- Exercise objective -
There should be no pictures in your answer, only an exact copy of the lines from the one with "NEW CASE OF 8 LIBBY PUB GLASS SET" through the end of the material.

- Source material -
[Start of section]
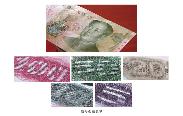 第五套人民币从1元券到100元券的正面右上角面额数字下的团花内隐藏着利用隐形图文技术制作的面额数字。
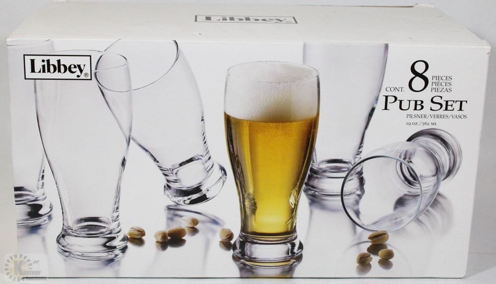 NEW CASE OF 8 LIBBY PUB GLASS SET
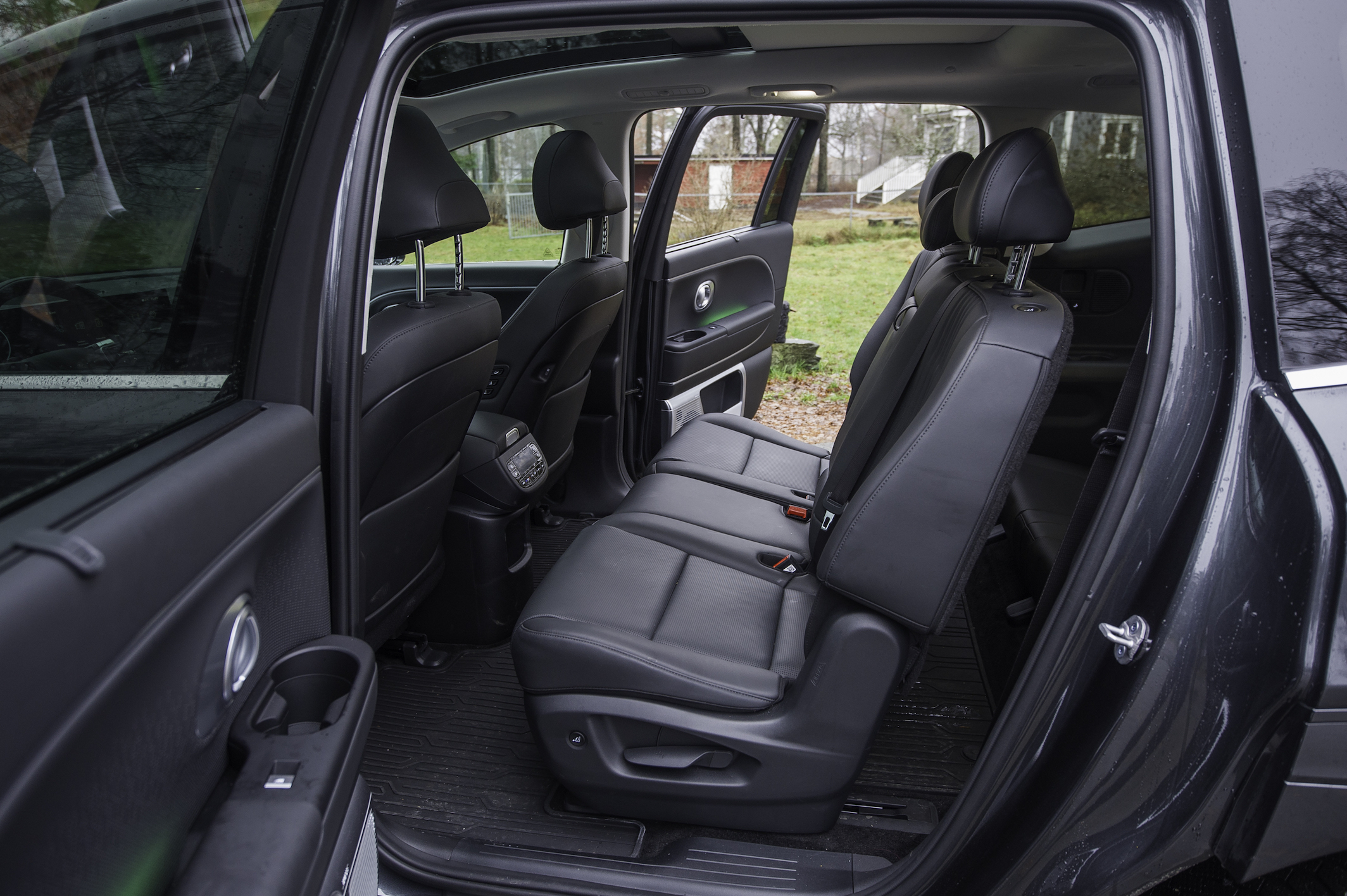 Det svake punkt i mange 7-setere er tredje seterad som gjerne oppleves som en nødløsning. Det blir trangt og det er krevende å komme på plass. Det er ikke slik i Ioniq 9: Her kan to voksne finne seg greit til rette. Seteryggvinkelen kan dessuten reguleres elektrisk. Adkomsten byr heller ikke på store utfordringer når midterste rad felles ned og skyves fremover.  Setet i midten byr rimeligvis på mer plass, her er det nesten overdådig. Vil man toppe det med enda mer komfort kan bilen leveres som seks seter, da er «benken» byttet ut med to kapteinstoler som kan reguleres i alle mulige retninger.
[End of section]
- Answer space -
 NEW CASE OF 8 LIBBY PUB GLASS SET
 Det svake punkt i mange 7-setere er tredje seterad som gjerne oppleves som en nødløsning. Det blir trangt og det er krevende å komme på plass. Det er ikke slik i Ioniq 9: Her kan to voksne finne seg greit til rette. Seteryggvinkelen kan dessuten reguleres elektrisk. Adkomsten byr heller ikke på store utfordringer når midterste rad felles ned og skyves fremover.  Setet i midten byr rimeligvis på mer plass, her er det nesten overdådig. Vil man toppe det med enda mer komfort kan bilen leveres som seks seter, da er «benken» byttet ut med to kapteinstoler som kan reguleres i alle mulige retninger.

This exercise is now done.